══ Exercise inputs

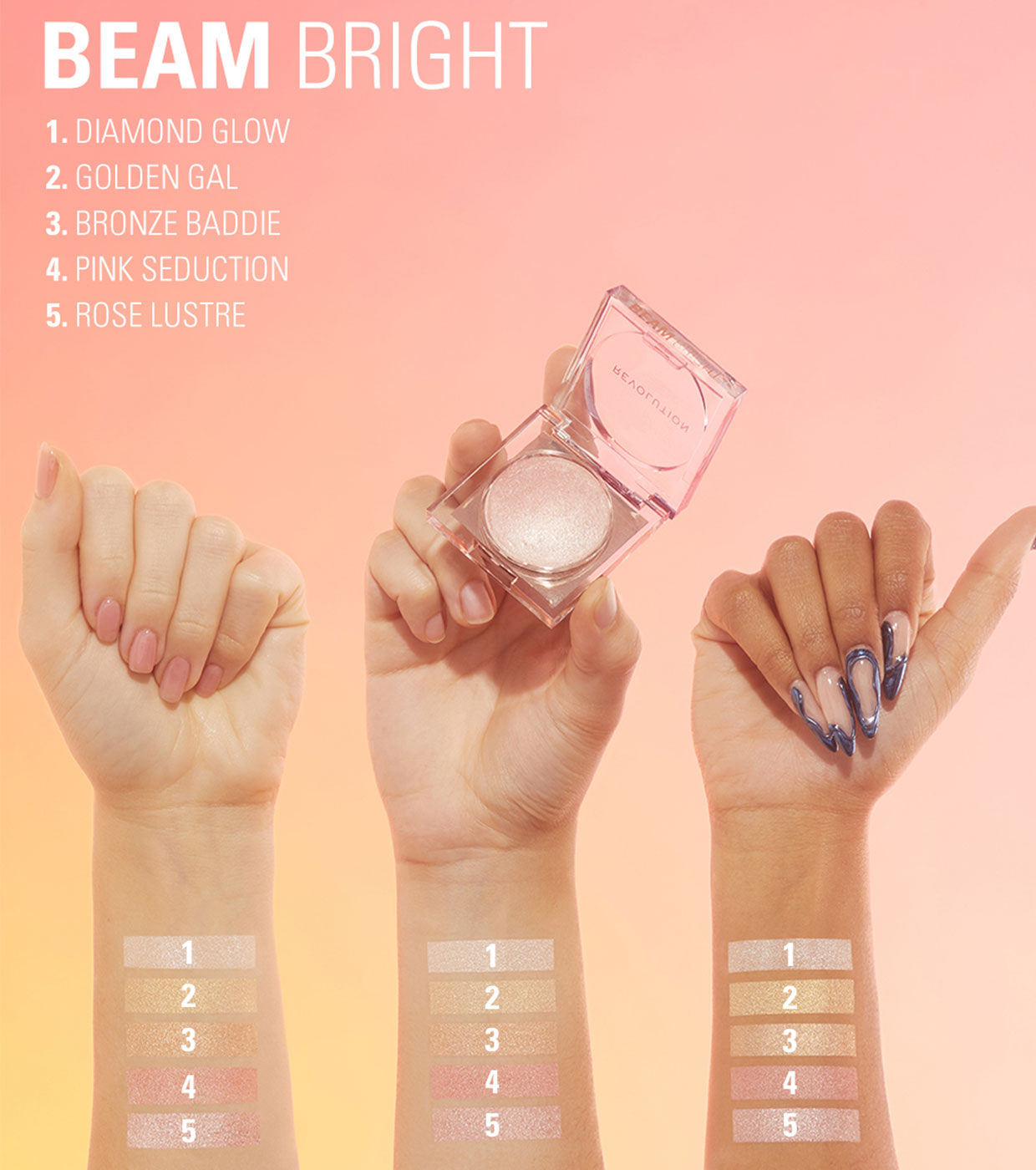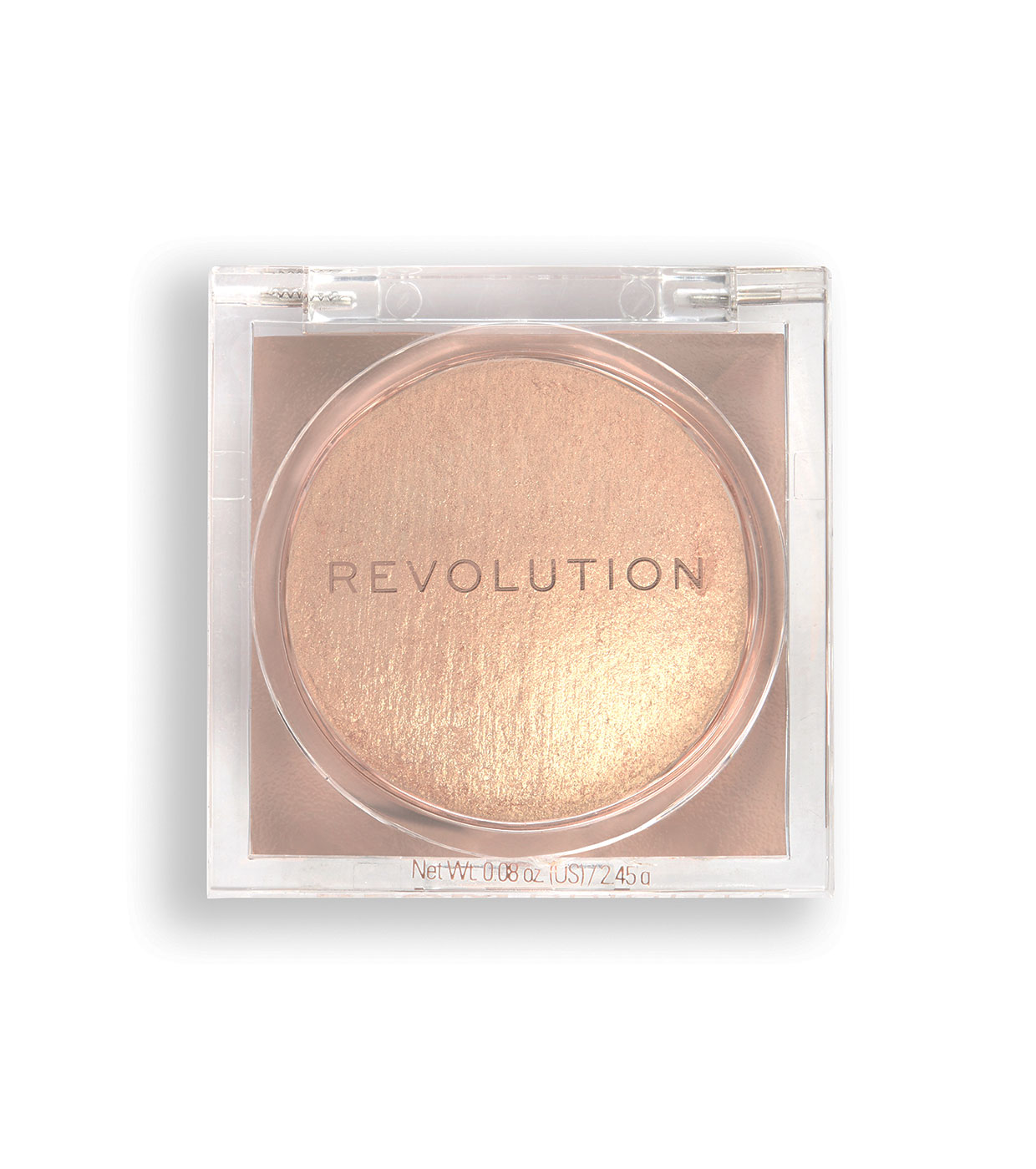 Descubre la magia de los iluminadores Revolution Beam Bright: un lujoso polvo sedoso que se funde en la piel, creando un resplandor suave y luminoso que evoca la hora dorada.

════
══ Exercise inputs

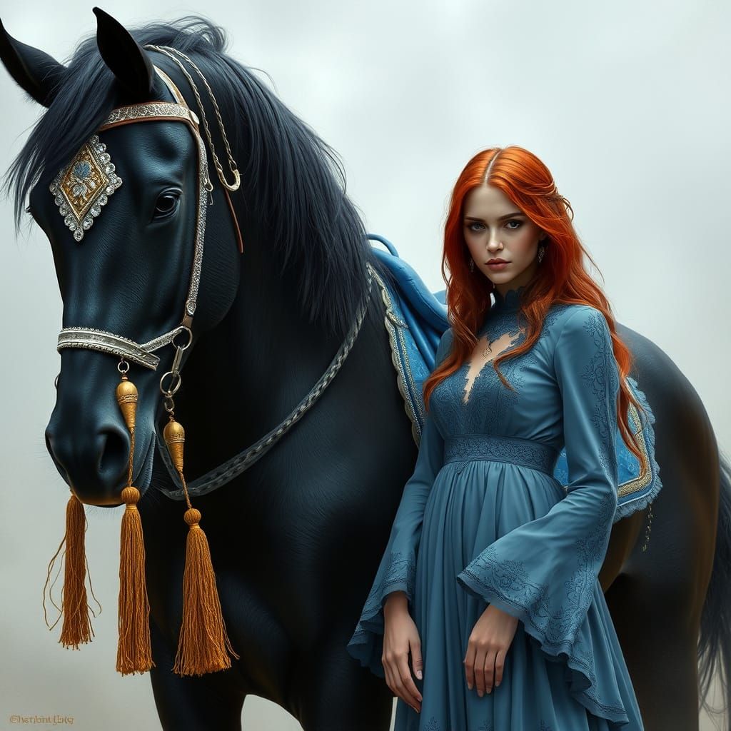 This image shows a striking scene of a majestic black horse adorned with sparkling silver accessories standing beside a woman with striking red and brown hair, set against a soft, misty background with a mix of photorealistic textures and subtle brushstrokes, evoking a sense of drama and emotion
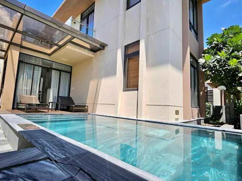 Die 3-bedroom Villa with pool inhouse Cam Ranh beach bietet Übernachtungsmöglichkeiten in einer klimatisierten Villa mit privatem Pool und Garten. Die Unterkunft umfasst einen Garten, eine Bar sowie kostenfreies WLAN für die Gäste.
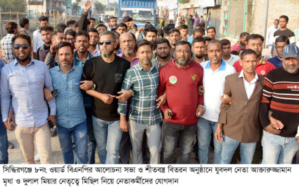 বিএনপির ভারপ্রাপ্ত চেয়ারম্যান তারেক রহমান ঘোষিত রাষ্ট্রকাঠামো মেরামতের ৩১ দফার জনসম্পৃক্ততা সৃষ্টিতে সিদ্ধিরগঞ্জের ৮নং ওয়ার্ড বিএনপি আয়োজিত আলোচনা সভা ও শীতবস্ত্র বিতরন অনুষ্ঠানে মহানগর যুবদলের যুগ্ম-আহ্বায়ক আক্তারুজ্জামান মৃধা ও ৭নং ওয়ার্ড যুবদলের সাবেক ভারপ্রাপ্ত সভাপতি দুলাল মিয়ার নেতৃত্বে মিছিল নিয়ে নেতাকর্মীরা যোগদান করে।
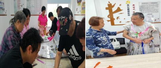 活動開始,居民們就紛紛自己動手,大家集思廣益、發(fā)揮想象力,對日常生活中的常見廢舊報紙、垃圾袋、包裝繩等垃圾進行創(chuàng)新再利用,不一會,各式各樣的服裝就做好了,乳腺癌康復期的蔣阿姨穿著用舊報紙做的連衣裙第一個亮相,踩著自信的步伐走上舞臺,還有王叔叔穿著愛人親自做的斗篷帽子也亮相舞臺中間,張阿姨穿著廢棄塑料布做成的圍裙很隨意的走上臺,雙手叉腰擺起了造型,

════

#### Task statement
Now transcribe the lines above exactly, starting at the line containing "Die 3-bedroom Villa" and ending at the line containing "活動開始,居民們就紛紛自己動", both lines included, pictures excluded.

#### Expected output
 Die 3-bedroom Villa with pool inhouse Cam Ranh beach bietet Übernachtungsmöglichkeiten in einer klimatisierten Villa mit privatem Pool und Garten. Die Unterkunft umfasst einen Garten, eine Bar sowie kostenfreies WLAN für die Gäste.
 বিএনপির ভারপ্রাপ্ত চেয়ারম্যান তারেক রহমান ঘোষিত রাষ্ট্রকাঠামো মেরামতের ৩১ দফার জনসম্পৃক্ততা সৃষ্টিতে সিদ্ধিরগঞ্জের ৮নং ওয়ার্ড বিএনপি আয়োজিত আলোচনা সভা ও শীতবস্ত্র বিতরন অনুষ্ঠানে মহানগর যুবদলের যুগ্ম-আহ্বায়ক আক্তারুজ্জামান মৃধা ও ৭নং ওয়ার্ড যুবদলের সাবেক ভারপ্রাপ্ত সভাপতি দুলাল মিয়ার নেতৃত্বে মিছিল নিয়ে নেতাকর্মীরা যোগদান করে।
 活動開始,居民們就紛紛自己動手,大家集思廣益、發(fā)揮想象力,對日常生活中的常見廢舊報紙、垃圾袋、包裝繩等垃圾進行創(chuàng)新再利用,不一會,各式各樣的服裝就做好了,乳腺癌康復期的蔣阿姨穿著用舊報紙做的連衣裙第一個亮相,踩著自信的步伐走上舞臺,還有王叔叔穿著愛人親自做的斗篷帽子也亮相舞臺中間,張阿姨穿著廢棄塑料布做成的圍裙很隨意的走上臺,雙手叉腰擺起了造型,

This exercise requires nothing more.